*** Data excerpt Section Begins ***
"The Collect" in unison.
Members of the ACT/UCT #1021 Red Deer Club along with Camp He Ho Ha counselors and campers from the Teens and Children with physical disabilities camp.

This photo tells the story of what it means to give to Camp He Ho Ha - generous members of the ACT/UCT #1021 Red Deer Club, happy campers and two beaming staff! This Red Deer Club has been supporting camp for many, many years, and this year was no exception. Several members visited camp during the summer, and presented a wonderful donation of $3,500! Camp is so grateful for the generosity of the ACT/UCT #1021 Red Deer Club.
*** Data excerpt Section Ends ***
Task description » Starting with the line that contains "Members of the ACT/UCT #1021 Red Deer Club along", restate every line up to and including the last one above, exactly.

Solution for this task »
Members of the ACT/UCT #1021 Red Deer Club along with Camp He Ho Ha counselors and campers from the Teens and Children with physical disabilities camp.

This photo tells the story of what it means to give to Camp He Ho Ha - generous members of the ACT/UCT #1021 Red Deer Club, happy campers and two beaming staff! This Red Deer Club has been supporting camp for many, many years, and this year was no exception. Several members visited camp during the summer, and presented a wonderful donation of $3,500! Camp is so grateful for the generosity of the ACT/UCT #1021 Red Deer Club.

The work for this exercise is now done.